Common Geofence Sizes and Use Cases
| Radius | Area Covered | Typical Use | Business Scenarios |
|---|---|---|---|
| 100 m | 0.03 km² | Single storefront or venue | In-store proximity offers, loyalty check-ins, foot-traffic counting |
| 500 m | 0.78 km² | City block or shopping center | Mall-level retargeting, event venue entry triggers |
| 1 km | 3.14 km² | Small neighborhood | Competitor conquesting (e.g. targeting shoppers near a rival store), hyper-local delivery zones |
| 2 km | 12.6 km² | Urban district | Walkable commute zone campaigns, university campus coverage |
| 5 km | 78.5 km² | Small city or metro core | Ride-share driver deployment zones, local news alerts |
| 10 km | 314 km² | Urban metro area | Fleet dispatch zones, regional retail attribution |
| 25 km | 1,963 km² | Metropolitan region | Sales territory boundaries, weather alerts |
| 50 km | 7,854 km² | State-level coverage | Regional distribution, franchise territory enforcement |
Accuracy, Privacy, and Platform Limitations
Honest caveats for anyone implementing geofencing in production:
Accuracy isn't uniform. Outdoor GPS typically gets you within 5–10 meters. Urban canyons and dense cities can drift to 20–50 meters. Indoor accuracy without Wi-Fi positioning is unreliable — often 50 meters or worse. Plan your geofence boundary with the worst-case drift in mind, or you'll get false triggers at the edges.
Small geofences are noisy. Radii under 100 meters frequently produce false positives (users triggered who weren't actually in the zone) and false negatives (users missed who were). For critical use cases — compliance, payments, clock-in — use 200 meters minimum and supplement with secondary signals.
Privacy regulations apply. In the EU, geofencing that stores or transmits user location data falls under GDPR. In California, CCPA applies.
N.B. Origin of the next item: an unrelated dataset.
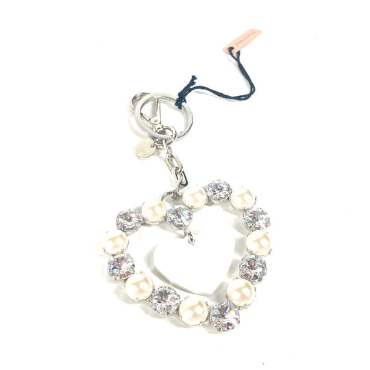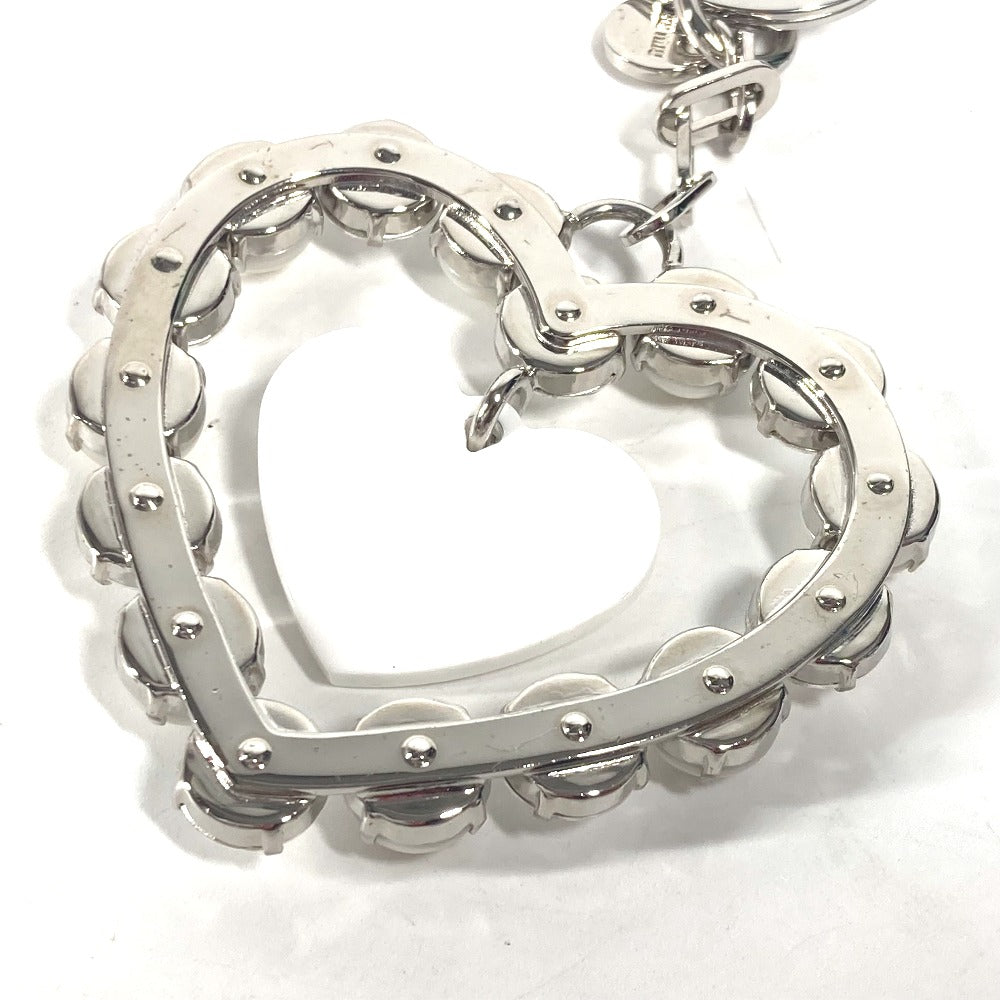 MIUMIU key ring metal Silver Rhinestone heart Women Used Authentic

In both jurisdictions, you need explicit consent, a data retention policy, and a way for users to opt out. Platform SDKs handle the mechanics, but the policy and consent UI are your responsibility.
Platform limits bite at scale. iOS allows 20 geofences per app — hard limit. Android allows 100. Production apps that need more use dynamic geofence loading: activate the 20 closest to the user, swap them as the user moves. This is non-trivial to implement.